WORK TASK:
Output exactly, and only, the lines below from the one with "Padova 不鏽鋼系列將前衛設計與卓越性能完美融合。這款 28" down to the one with "é bloqueado. |". Include both end lines and no pictures.

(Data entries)
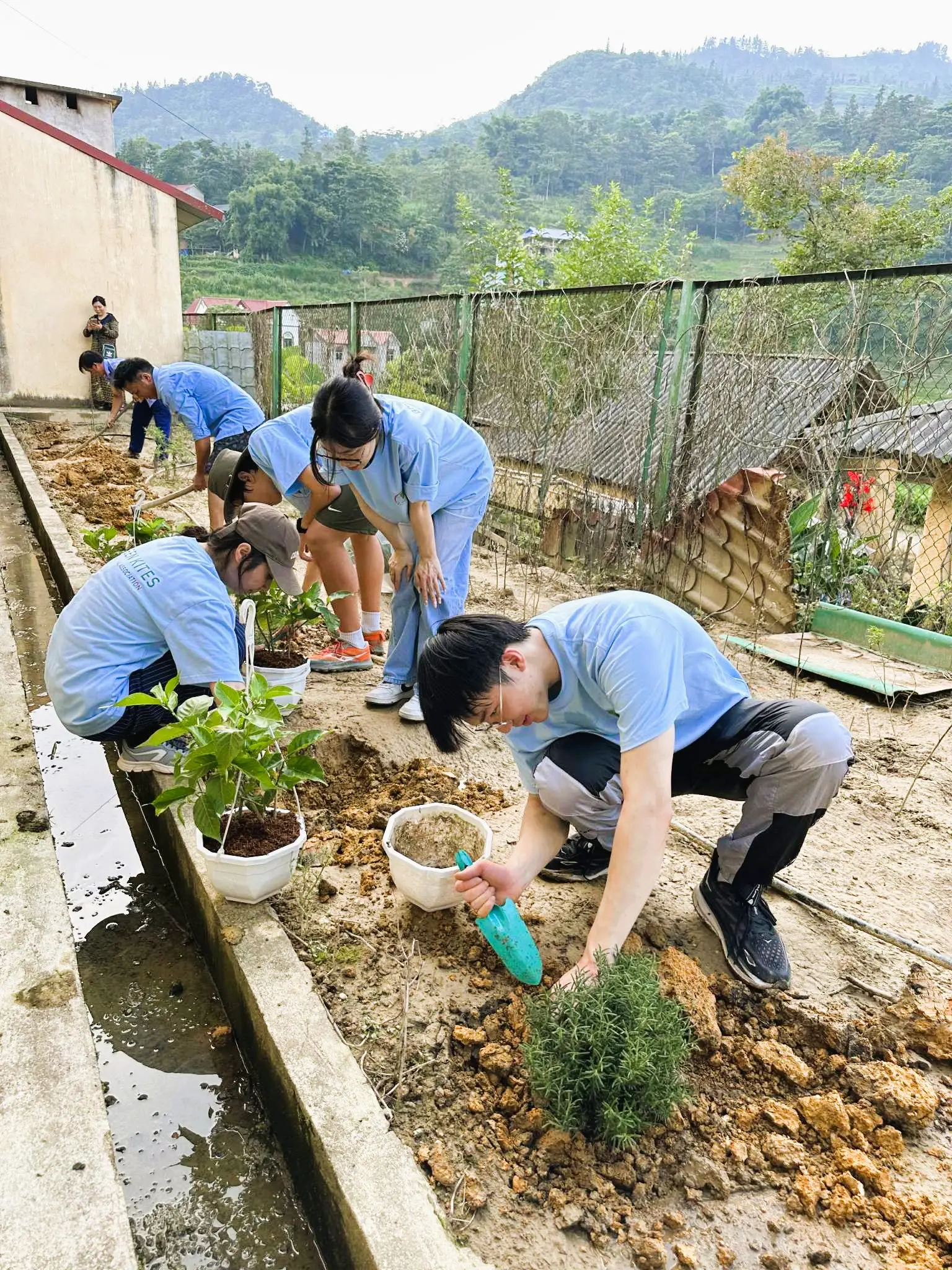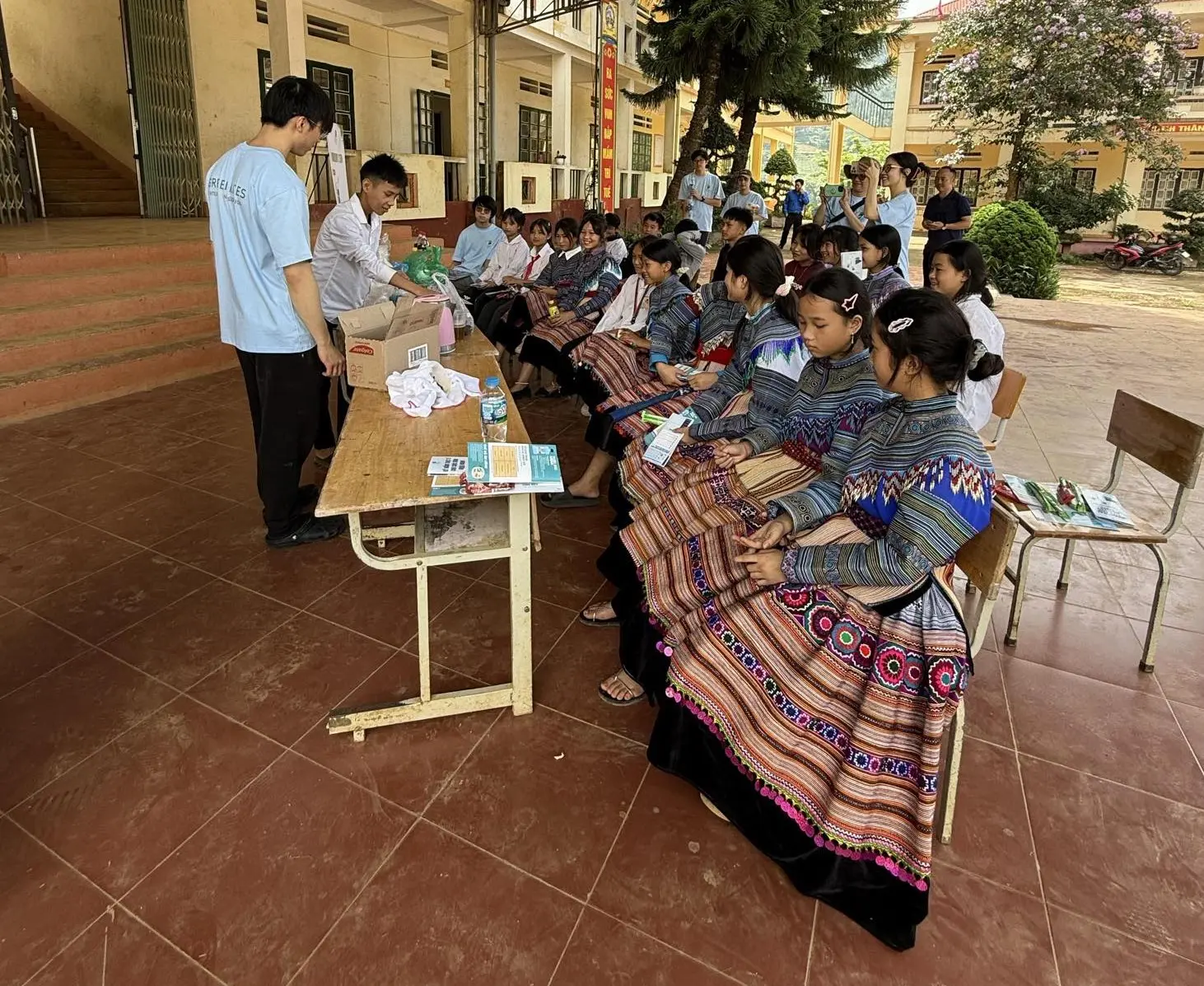 Recognising that most households relied on rainwater but lacked guttering systems, we designed a simple, low-cost rooftop rainwater harvesting system tailored to local materials and terrain. We installed gutters, water tanks, and sinks. To further improve hygiene, we planted insect-repellent bushes, introduced handwashing education through songs and activities, and guided students in making natural soap from local herbs.
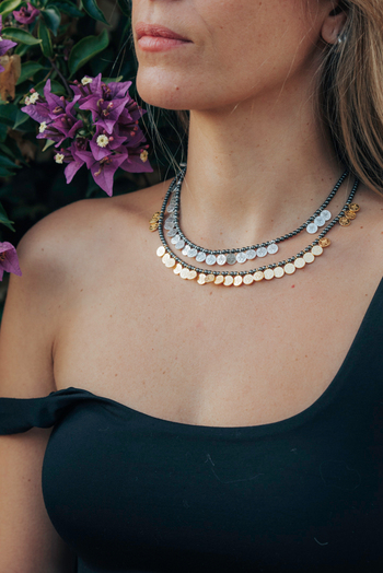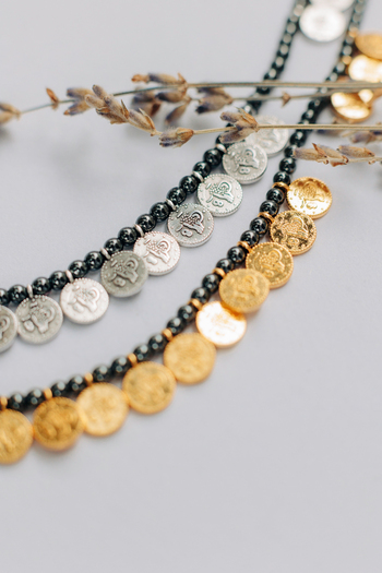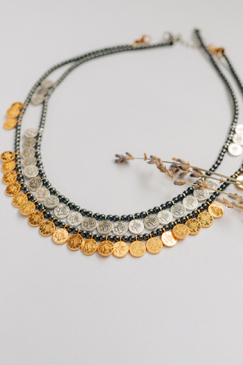 •Υλικό :Κολιέ με χάντρες αιματίτη,επάργυρα κ επίχρυσα στοιχεία
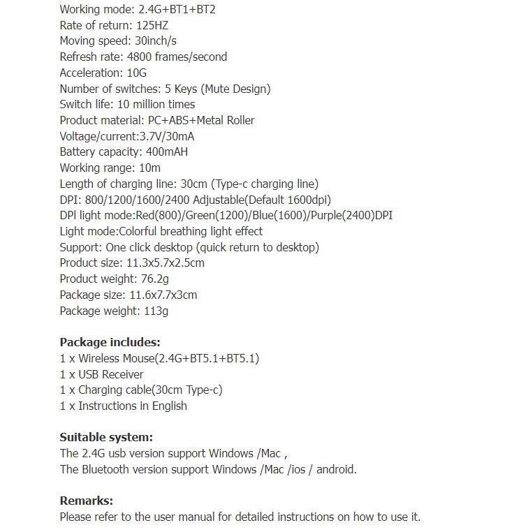 1: 2.4G+BT1+BT2 wireless the third mock examination, with high-end design, office games do not get stuck.
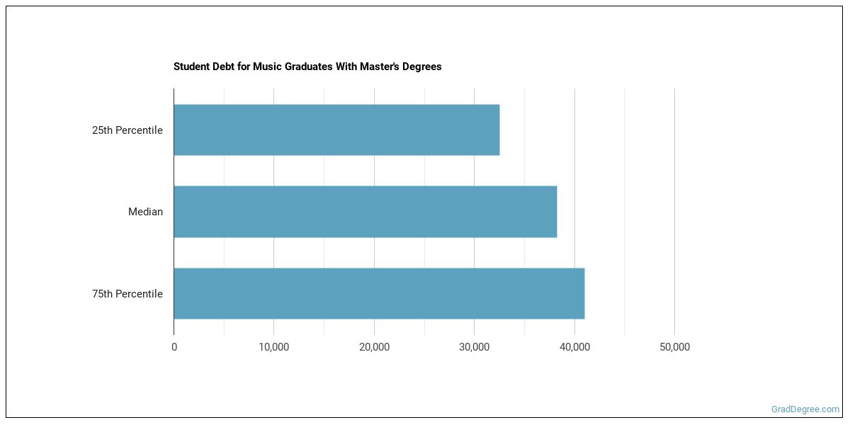 The median student debt for graduates holding a master's degree in music is $39,925. The school you go to and how long it takes you to graduate, among other things, can cause this number to vary. The chart below shows the range of accumulated debt loads. On the high side of the range, $41,000 is the debt load, and the debt load on the low side is $33,446.
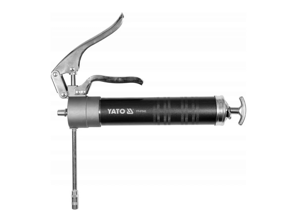 Профессиональный ручной шприц для смазки YATO с усиленной конструкцией и высокой силой нагнетания . Для смазки машин и устройств, особенно рекомендуется для больших строительных и сельскохозяйственных машин.
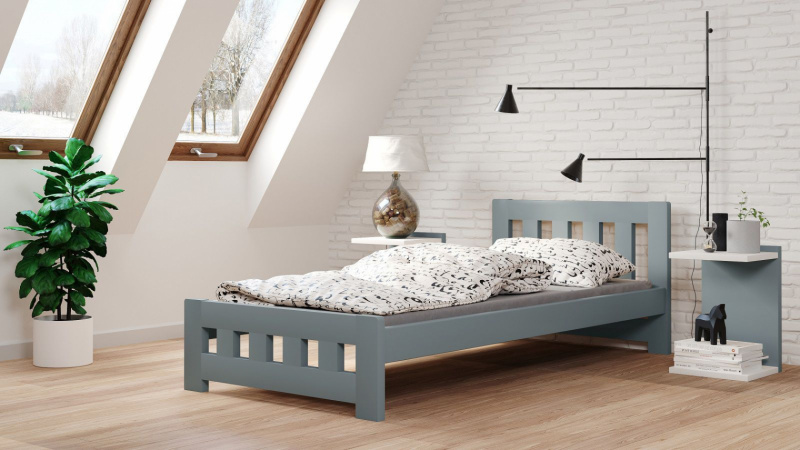 Postel Mirek 120/200 cm - šedá - masiv smrk 3,5 cm
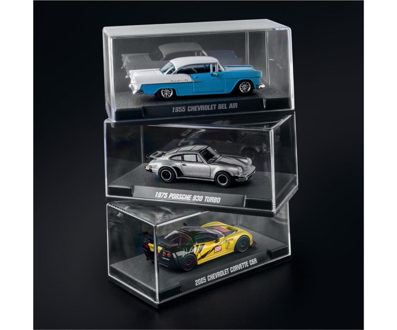 With this special edition, we make a statement for all fans of iconic vehicles: these carefully selected model cars bring back unforgettable classics from the eras 1955 to 2005 – featuring premium details such as a metal chassis, rubber tires, separately fitted headlights, printed side mirrors, and a showcase display case.
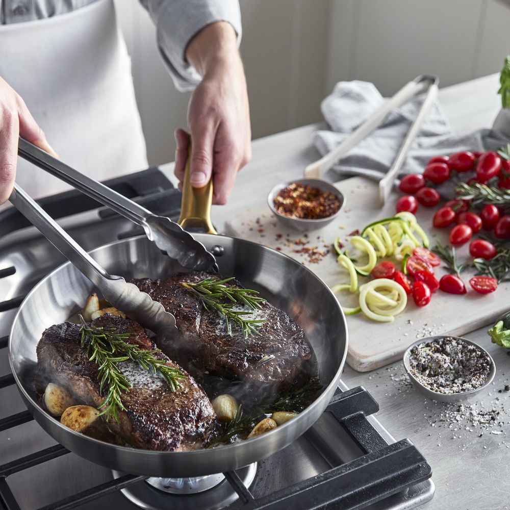 Padova 不鏽鋼系列將前衛設計與卓越性能完美融合。這款 28 厘米煎鍋採用專業級三層不鏽鋼打造,適合處理大份量食材,無論是日常煎炒還是專業的爐灶至烤箱烹飪都能輕鬆應對。
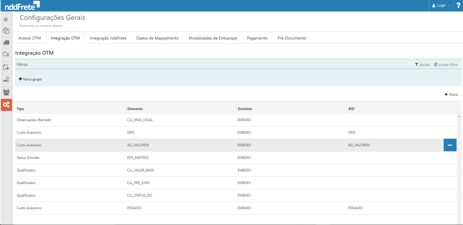 •Em cada cadastro, é necessário informar o Domínio utilizado no OTM para que a integração seja realizada corretamente. •Apenas o tipo Custo Acessório tem o campo XID como obrigatório , para os outros cadastros o campo XID é bloqueado. |
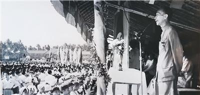 李春鸣在华中举办的庆祝新中国国庆大会上讲话。华侨教育家李春鸣馆供图
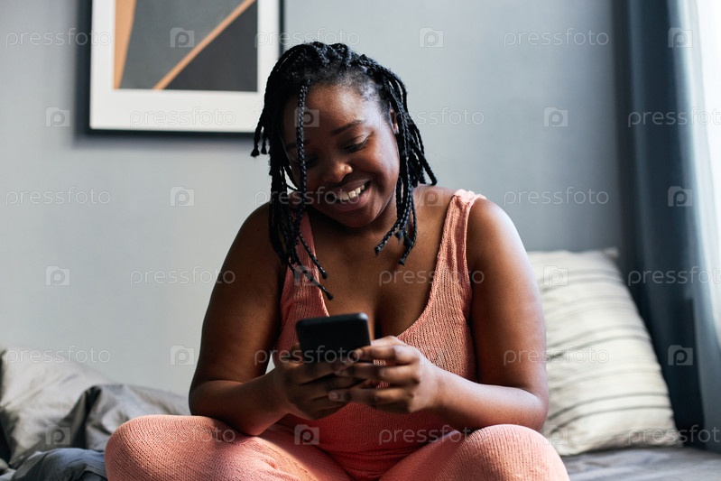 Низкоугольный снимок счастливой молодой чернокожей женщины, сидящей на кровати в спальне и наслаждающейся общением с другом с помощью приложения мессенджера на смартфоне
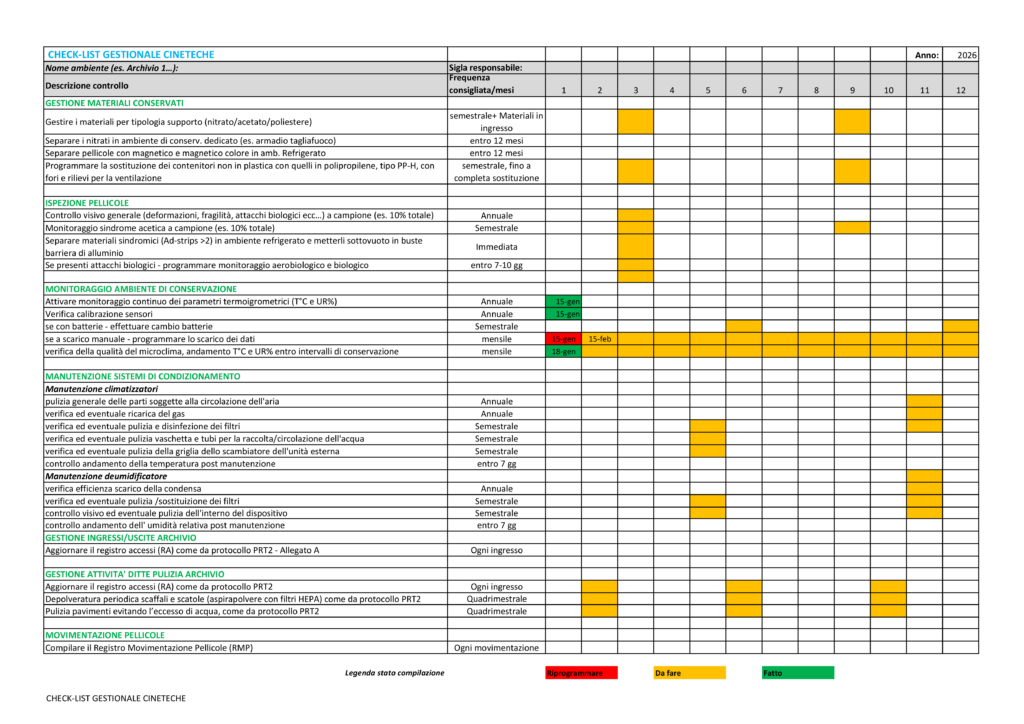 1. Gestione materiali conservati 2. Ispezione pellicole 3. Monitoraggio ambiente di conservazione 4. Manutenzione sistemi di condizionamento 5. Gestione ingressi/uscite archivio 6. Gestione attivitĆ ditte pulizia archivio 7. Movimentazione pellicole
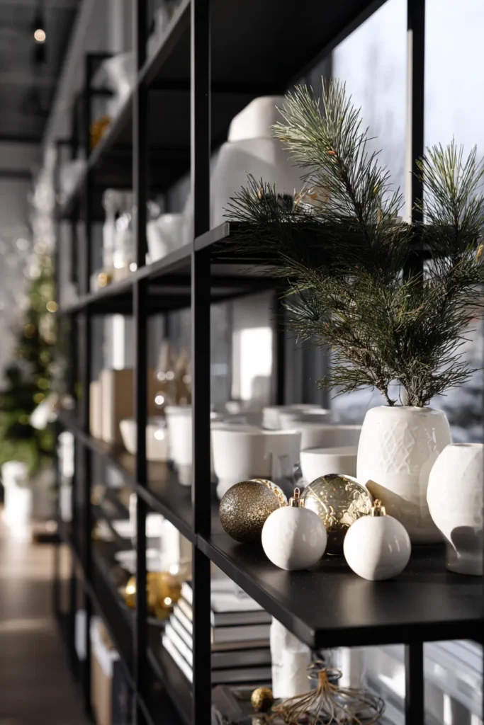 This sleek black shelving unit is the perfect example of how modern design can still feel festive and warm. Clean lines and open shelves create space for white ceramics, neutral-toned books, and a few shimmering ornaments that bring subtle sparkle to the room. A sprig of evergreen in a simple vase adds just enough greenery to keep things fresh and seasonal. The contrast between the dark frame and the soft whites and golds feels balanced and effortlessly chic.
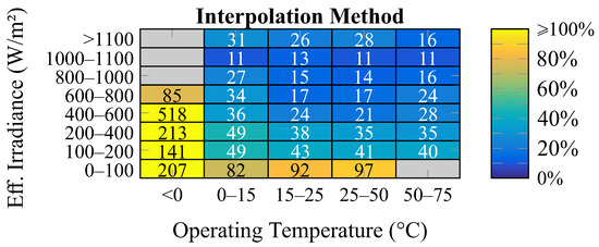 Despite that these measurement matrices respective to IEC 61853-1 are slightly different from the matrix established by such a standard, it is pertinent to note that they meet the objectives of this paper. The measurement points made available correctly comprise the IEC 61853-1 matrix core, as shown in Figure 3. Additionally, the missing points refer to operating conditions verified with a not too high frequency by the PV modules under study, as shown in Figure 2 [43]. Therefore, the conclusions that were obtained by the empirical models in the proposed application approach, i.e., considering these matrices to determine their respective coefficients, can be extended to the case of matrix IEC 61853-1, as long as the due considerations are made.
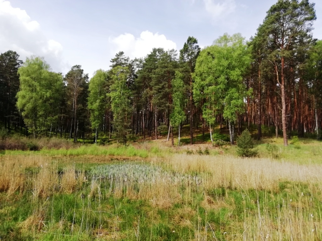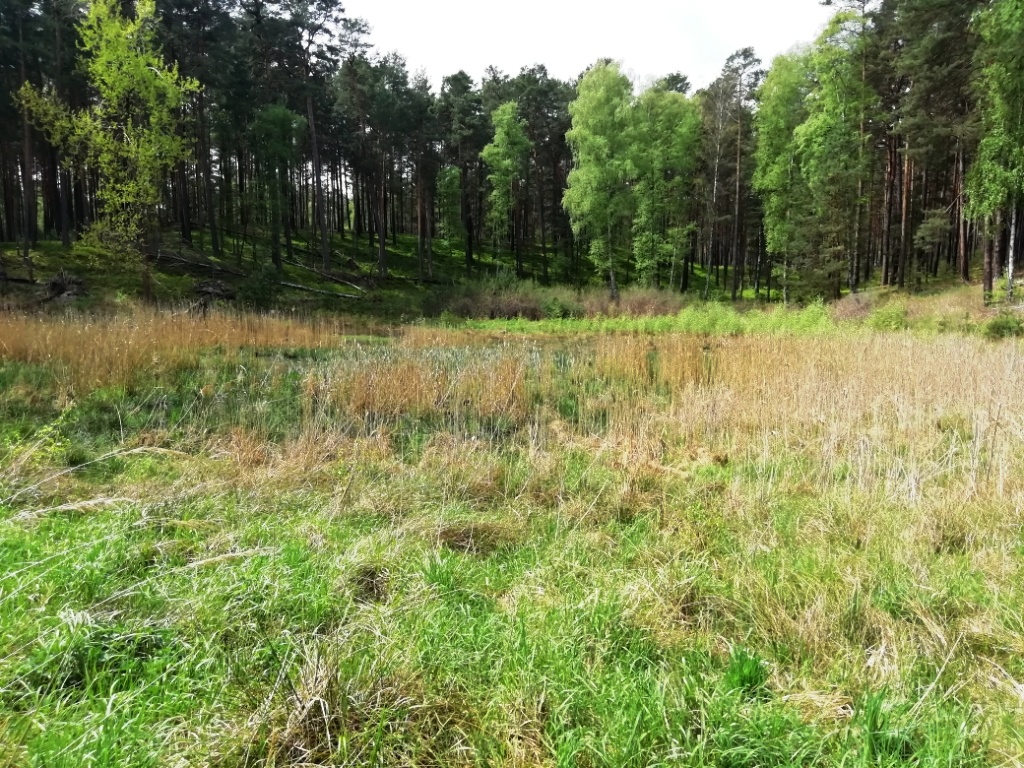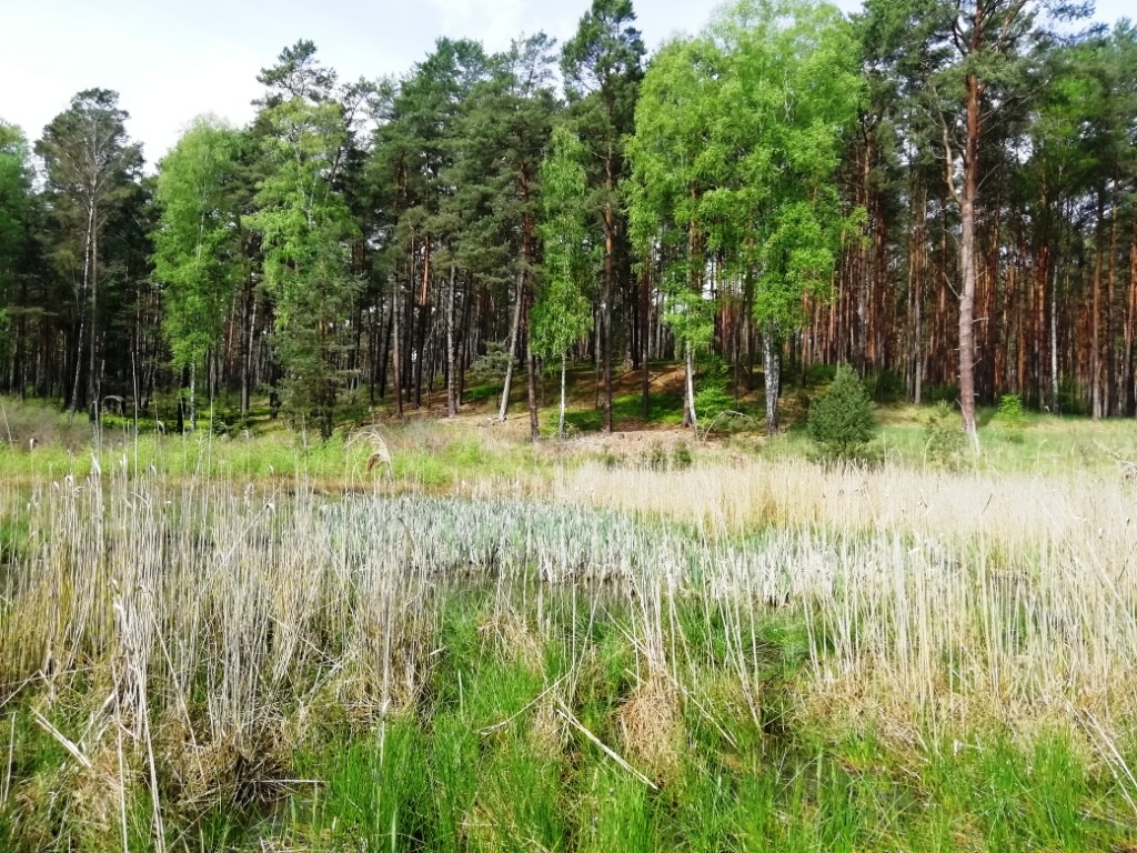 Nachdem wir bei Trautzke-5 ein wenig Rast gemacht und die Hunde ihren Durst gestillt hatten, machen wir uns wieder auf den Weg – an der Westseite von Trautzke-5 weiter durch den Wald. Und stoßen auf eine völlig „verwilderte“ Senke: meiner Meinung nach das Relikt eines Nebenteiches der früheren Drauzen-Seen.
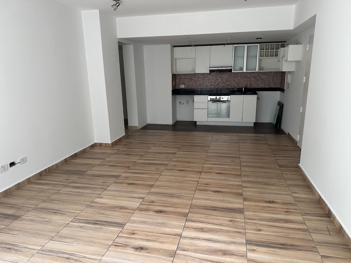 Amplio living comedor con cocina americana integrada, espacio con conexión para lavarropas. Cocina eléctrica. Agua caliente central.

RESPONSE FOR THIS EXERCISE:
 Padova 不鏽鋼系列將前衛設計與卓越性能完美融合。這款 28 厘米煎鍋採用專業級三層不鏽鋼打造,適合處理大份量食材,無論是日常煎炒還是專業的爐灶至烤箱烹飪都能輕鬆應對。
 •Em cada cadastro, é necessário informar o Domínio utilizado no OTM para que a integração seja realizada corretamente. •Apenas o tipo Custo Acessório tem o campo XID como obrigatório , para os outros cadastros o campo XID é bloqueado. |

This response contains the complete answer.